Your Committee received testimony in support of this bill from the State Attorney General's Office, the Prosecuting Attorneys and Police Chiefs of the City and County of Honolulu and the Counties of Kauai, Maui and Hawaii, the State of Hawaii Organization of Police Officers, and individual police officers. Testimony against this bill was received from the Public Defender's Office.
Your Committee will not seek to explain in this report its rationale for the creation of special categories of assaults against correctional workers and teachers. Your Committee notes its generally steadfast aversion to creating special classes of persons receiving greater protection under the laws than others. Police officers, more than most citizens, are trained and equipped to handle violent situations, and, because assaults against police officers typically occur in the heat of the moment with little regard for the consequences, there remains room to doubt whether this measure will have the deterrent effect intended. Yet, changing times require changing views, and in this instance it appears that police officers, and society in general, may benefit from a measure imposing minimum penalties for assaulting police officers, which penalties may offer some additional measure of protection in what is admittedly a hazardous profession.

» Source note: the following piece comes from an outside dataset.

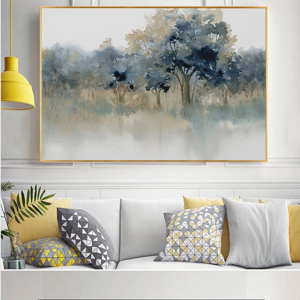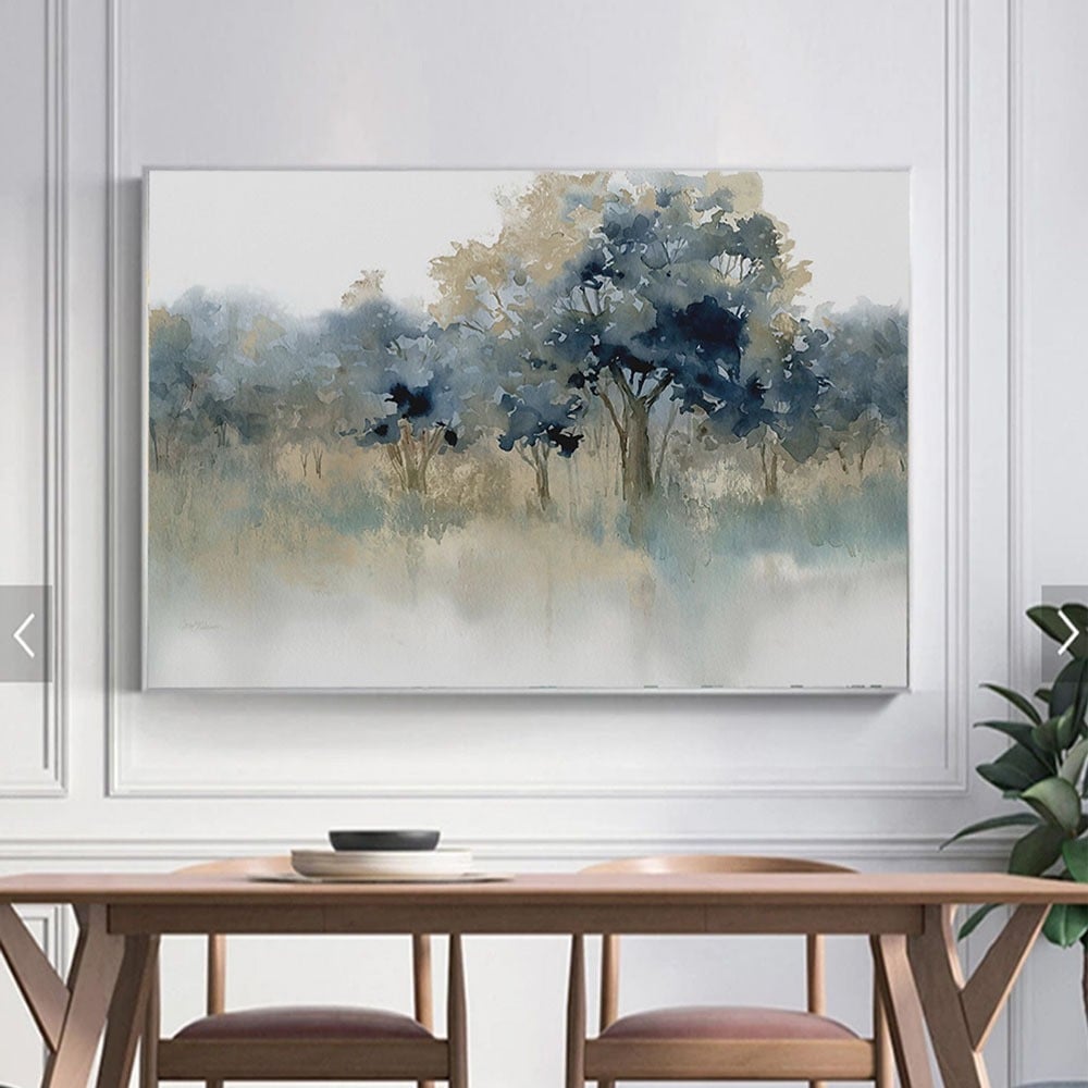 نوع اللوحة: لوحة لمنظر طبيعي بصف أشجار بدرجات أزرق رمادي، بيج غامق، وذهبي فاتح. أسلوب ألوان مائية.

Your Committee finds that a separate category of assault against police officers should be created, however, the offense should be categorized as a misdemeanor, with a minimum sentence of imprisonment for thirty days. Your Committee has amended this bill accordingly.

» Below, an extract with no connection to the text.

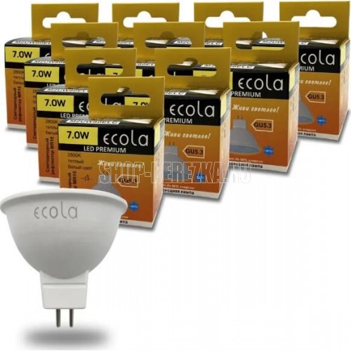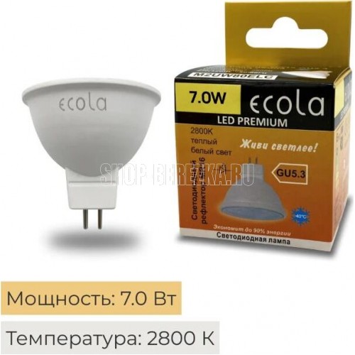 ECOLA MR16 LED Premium 7,0W 220V GU5.3 2800K матовое стекло (композит) 48x50 Цоколь GU5.3 Цветовая температура 2800К Мощность 7,0W Напряжение 220В Размер 48x50 мм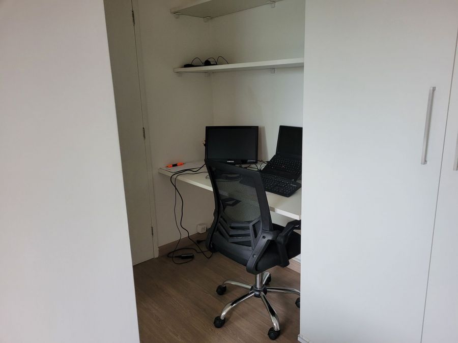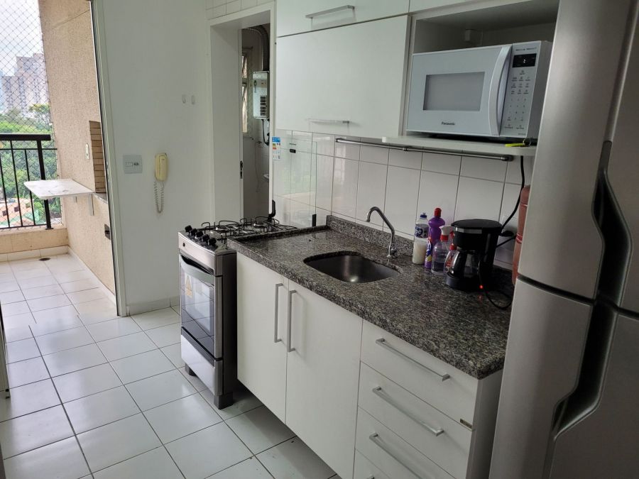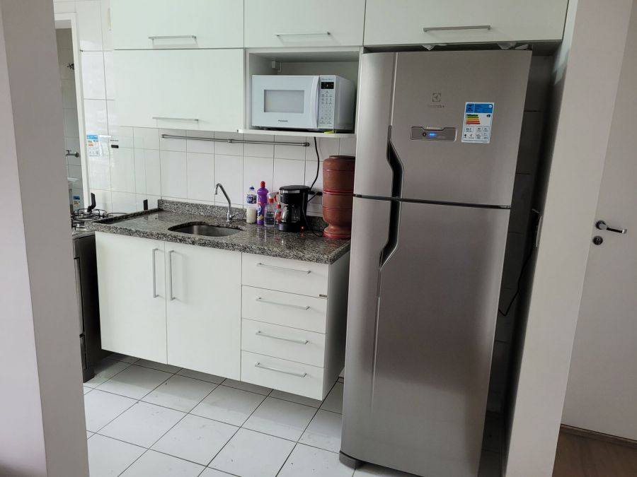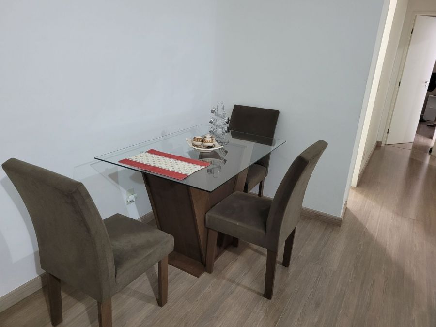 Apartamento 2 quartos sendo 1 suíte, armários planejados (quartos, cozinha e banheiros) Varanda gourmet com churrasqueira a carvão. Pode ser mobiliado ou não (mobília simples)Compõe o imóvel: armários planejados nos quartos, banheiros e cozinha, além de geladeira, máquina de lavar, sofá, mesa e microondas.

Your Committee on Judiciary is in accord with the intent and purpose of S.B. No. 1146, as amended herein, and recommends that it pass Second Reading in the form attached hereto at S.B. No. 1146, H.D. 1, and be placed on the calendar for Third Reading.

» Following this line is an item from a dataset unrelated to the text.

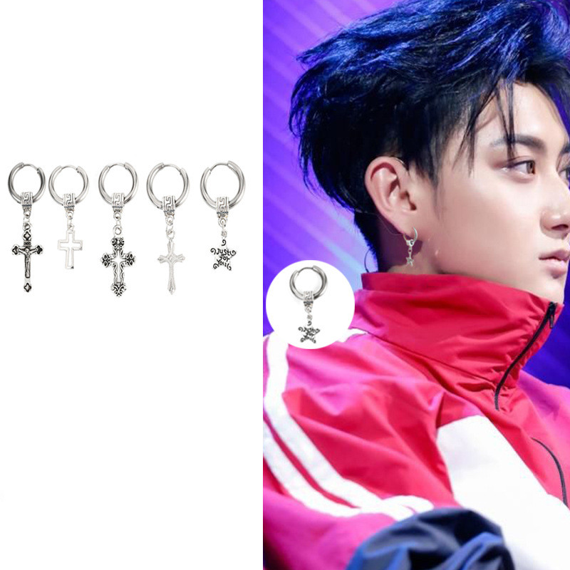Boucle D Oreille Homme Croix Noire Anneau D Oreille Acier Chirurgical Piercing Oreille Croix K Pop Aia Piercing Aia Piercing

Although the Committee on Judiciary amended the original bill to reclassify Assault Against a Police Officer from a class C felony to a misdemeanor, the committee compensated this action by attaching to the offense a minimum penalty of imprisonment for thirty days. Suspending any portion of this sentence as the lower court did in the present case, dilutes the force the legislature intended for this law to have.
Id.
The legislative history does indicate an initial intent to place assaults against police officers in the same category as assaults against correctional workers and educational workers (constituting second degree assault under HRS § 707-711). However, the legislative history also acknowledged the classification of an assault against a police officer as a misdemeanor instead of a felony. The legislature explained, "Your Committee finds that a separate category of assault against police officers should be created[;] however, the offense should be categorized as a misdemeanor, with a minimum sentence of imprisonment for thirty days. Your Committee has amended this bill accordingly." Stand. Comm. Rep. No. 1203-90, in 1990 House Journal at 1316 (emphasis added). Here, the legislature recognized the difference between the proposed bill and the final form of the amended bill. Nonetheless, when faced with the statute's wording and the application of HRS § 706-605, the legislature failed to expressly limit the power of a sentencing court to suspend part of the minimum sentence under HRS § 707-712.5. Thus, the legislative history does little to support the contention that the legislature intended to carve out an exception to HRS § 706-605 for HRS § 707-712.5.
Inasmuch as the plain language of HRS § 707-712.5 does not restrict the court's ability to suspend part of the minimum sentence, and the lawsin pari materia and legislative history do not contradict the plain language interpretation of HRS § 707-712.5, we conclude that courts are not prohibited from suspending part of the minimum jail sentence under HRS § 707-712.5.
V. CONCLUSION
For the foregoing reasons, we affirm the district court's July 26, 2000 judgment and sentence of Hydelene Batson for assault of a police officer, pursuant to HRS § 707-712.5.